RINA SAHAY: We hate structural things today. You know? So I get into their model. Their model opens. And when I scan it, I find that they have got a bunch-- maybe 50 or 70-- imported and exploded CADs.
And this is something I tell them all the time-- don't do it, don't do it, don't do it, don't do it. Nothing has happened so far. It's in our template. Just because it hasn't happened till now doesn't mean that it won't happen. Hey, guess what? It happened-- and it's killed a project.
So here I am, fortunately it's lockdown, fortunately we are on Zoom, and I can be as vocal as I want, once I've muted. Rio out my hair and things like that. But when I wasn't muted, I just told the gentleman-- let's call him Tim-- I just went, Tim, this is what's been going on. It's your template.
So fixing this project is just a part of the story. You need to go in and you need to fix your template. Now, structural's template, that's their holy cow. They are the ones who take care of it. I can't touch it. So it's your template-- you need to take care of it.
Oh, no. It's perfectly fine. It's never happened to us before. It happened now, so get over it.
Also, one of the other engineering disciplines, they get equipment families which are 3D CADs. They import them.
ERIC WING: Ouch.
RINA SAHAY: And me going, please, guys, don't, don't, don't. Give it to me. You don't have to do it. Don't take your time. Just give it to me. I'll fix them and give them back to you.
So here is the moral of the story-- just the single-minded focus upon this is how we have done things, this is how we are going to do things. And you know what? She belongs to the architectural team, and she is telling us stuff, and we don't need to listen to her.
And my point is, I'm an AU. I tell the whole world not to do this stuff, and my own team does it to me? Wow.
SHAUN BRYANT: It happens. It certainly happens.
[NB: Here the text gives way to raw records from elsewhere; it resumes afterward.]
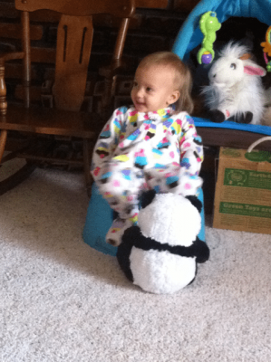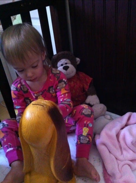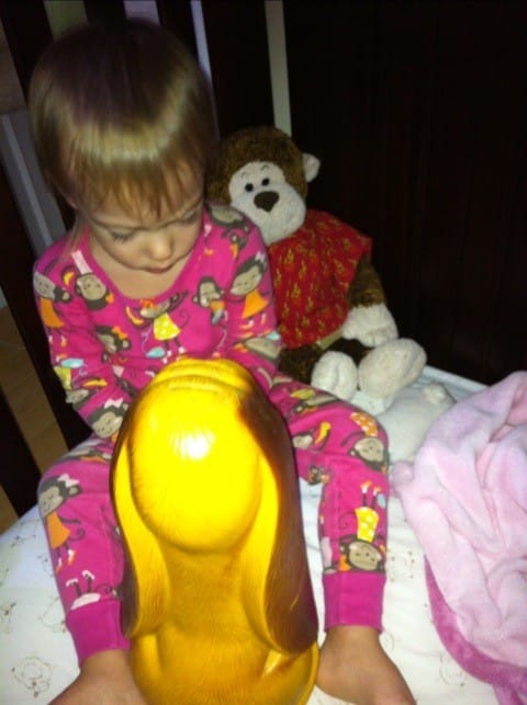 I was awake at 4am again – got sick again. The one good thing about getting sick is that mommy & daddy give me (almost) anything I want. I spied mommy’s doggie bank this morning, so she’s letting me play with it in my crib.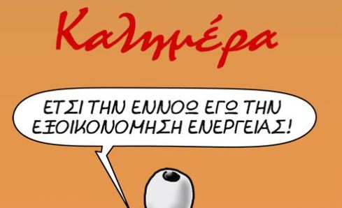 Όπως μπορείτε να δείτε και στην εικόνα που ακολουθεί, ο Ζαχαρίας, ξαπλωμένος ανάσκελα αναφέρει στο συννεφάκι «Έτσι την εννοώ εγώ την εξοικονόμηση ενέργειας».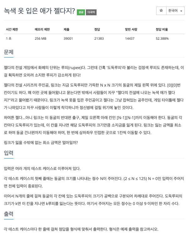 각 칸에 적힌 비용(루피) 최소로 하면서 (0, 0) -> (N-1, N-1)까지 이동 = 최단 경로 문제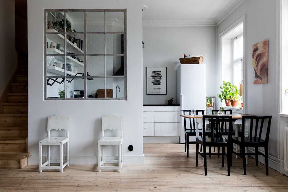 На помощь может прийти межкомнатное окно. В стене можно прорезать оконный проём и застеклить его, тогда препятствие на пути лучей света будет частично устранено.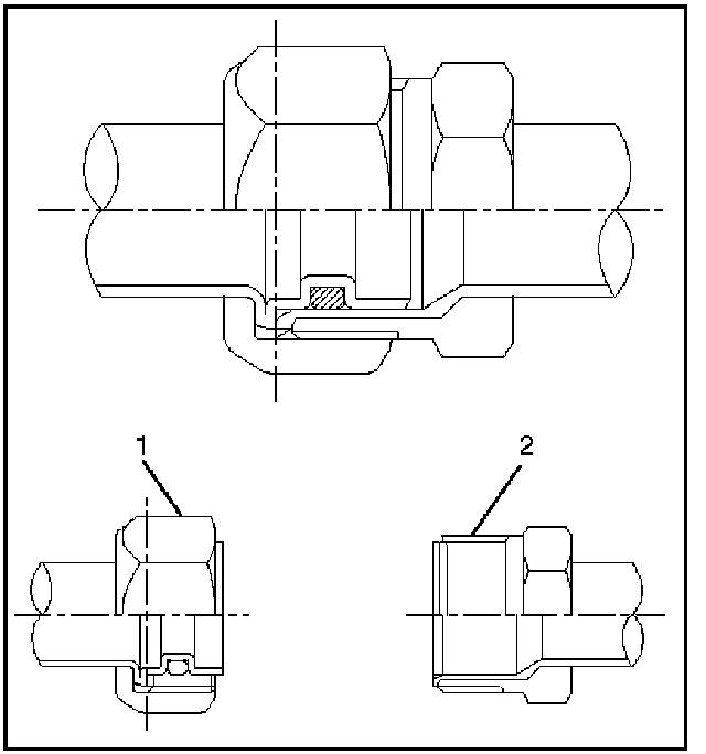 O-rings (2) must be fitted in the groove (1) of refrigerant line.

ERIC WING: Yeah, I find that's-- I get kind of the same thing. But with Revit, I think it allows you to do too much line work and 2D, right? Like looking at that structural model, they probably drew that in some drafting view somewhere. It didn't get in the model. So you run a [? clash, ?] that doesn't show up. You know?
But I find that even if we get to that point, the projects that go south from me are just ones that aren't coordinated at all. Here, can you set up a project? Sure. Two months go by, and all these problems happen. I'm like, did you even discuss this at all?
How do you think this wasn't going to happen? It's going to happen again. It's probably happening right now. Right now, I've got someone doing something somewhere in our company. And I've got a lot of them here too, so--
[LAUGHTER]
--i won't call any of you out. But it just happens. Right? And to me too, we get into a situation where when I started using Revit, it's like, shit, this is easier. You know?
Now we get to a point where there's so many weird standards and everyone does stuff differently, it's like knock it off with all this stuff. You know? It's supposed to be easier. So don't belabor it all.
I don't want to get into arguments on work sets and stuff like that, but I don't really use them. Uh-oh. I got people yelling at me for that.
SHAUN BRYANT: There was a tuck somewhere ahead of it, right?
ERIC WING: Because I'll select that chair, and it's on a core-and-shell work set. They're layers. Knock it off. Unless your model's blowing up, knock it off with that crap. You know?
SHAUN BRYANT: I'll throw something at all of you. This is a project I worked on in London many, many years ago. And basically, I had some engineers-- because I'm an ACI. I'm a Certified Instructor, so I teach this stuff. And basically, one of the architects was a little bit hesitant with Revit. And I think we had three different model sets that linked.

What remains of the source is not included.